Addressing the Root Cause: Nutrient Control
Manual removal provides temporary relief, but the algae will return if the underlying nutrient issues are not fixed. Diatoms primarily feed on silicates and phosphates.
Identifying and Reducing Nutrient Sources
High levels of phosphates and silicates are the main drivers of diatom blooms. These can come from:
- Tap Water: Tap water often contains phosphates and silicates. Always use RODI (Reverse Osmosis De-Ionized) water for top-offs and water changes. Ensure your RODI unit's filters and DI resin are fresh.
- Food: Overfeeding or using low-quality foods can introduce excess nutrients. Feed sparingly and use high-quality, nutrient-dense foods.
- Source Rock/Sand: Some dry rock or sand may contain bound phosphates that leach into the water.
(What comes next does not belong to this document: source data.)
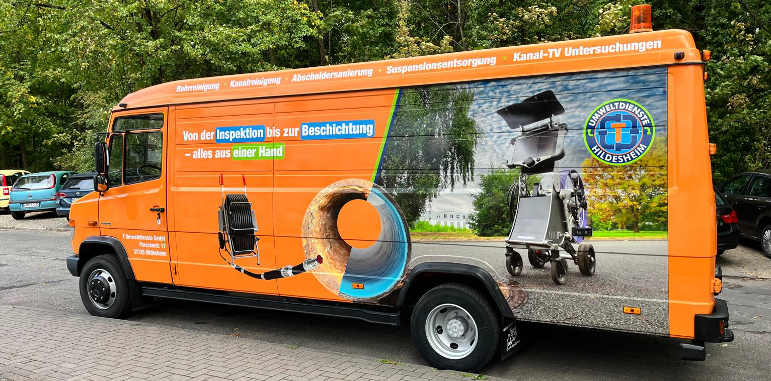 Mit Stolz präsentieren wir unser neu ausgestattetes Spezialfahrzeug für Kanaluntersuchungen – ein echtes Highlight im Fuhrpark der T Umweltdienste GmbH. Es vereint modernste Technik mit einem frischen, aufmerksamkeitsstarken Design, das nicht nur funktional überzeugt, sondern auch optisch ein klares Statement setzt.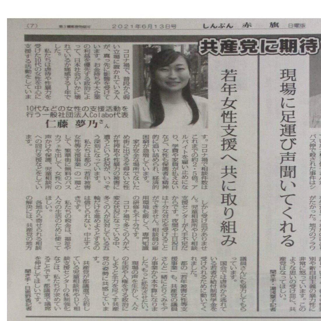 空「まあ共産党と強いつながりがあるColabo代表仁藤夢乃さんは新聞あかはたにもバッチリ登場してるから、刑務所であかはたを読んで一方的に知り、寄付金を送ってきたのかもしれないね」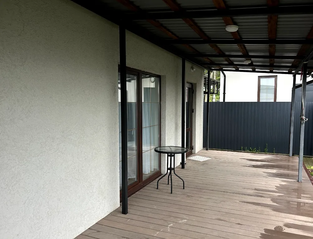 Всё новое и качественное. На территории есть мангальная зона, столик .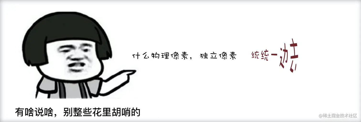 这篇文章讲得会比较简单直接,如果想要更加深入的了解,以及想知道为什么会有物理像素,像素比之类的概念,以及它们对于移动端的影响,期待下一篇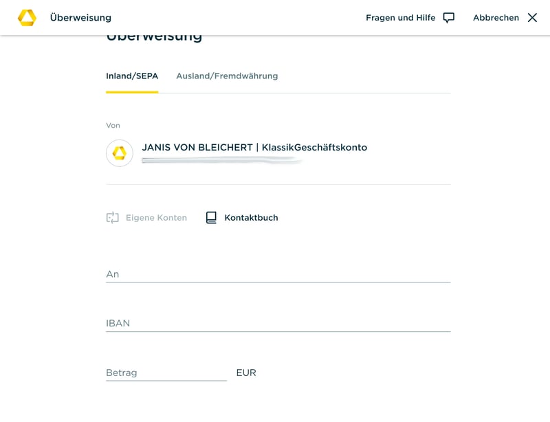 Eine Überweisung tätigen Sie unter Konten & Karten > Überweisen. Das Formular für Überweisungen ist einfach gehalten: Oben wählen Sie zunächst aus, ob es sich um eine SEPA-Inlandsüberweisung oder eine Auslandsüberweisung/ Überweisung in einer Fremdwährung handeln soll.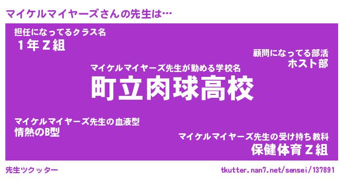 | 欧米人風あだ名 | 『マイケルマイケルマイヤーズ』 |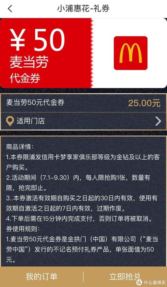 活动内容:活动期间每周二,符合条件用户在【浦大喜奔】APP—小浦惠花——天天半价可抢购麦当劳25元抵50元代金权益。

- Dead Spots: Areas with low flow can accumulate detritus, which breaks down and releases nutrients. Ensure adequate flow throughout the tank.
Nutrient Export Strategies
Actively removing nutrients from the water column is crucial for long-term control.
- Water Changes: Regular water changes using RODI water help dilute nutrient concentrations.
- Filter Media: Utilize filter media designed to adsorb phosphates and silicates.
- Granular Ferric Oxide (GFO): Effective at removing phosphates.
- PhosGuard: Removes both phosphates and silicates.
- Use these media passively in a media bag in a high-flow area or actively in a media reactor for best results. Follow product instructions and replace media regularly.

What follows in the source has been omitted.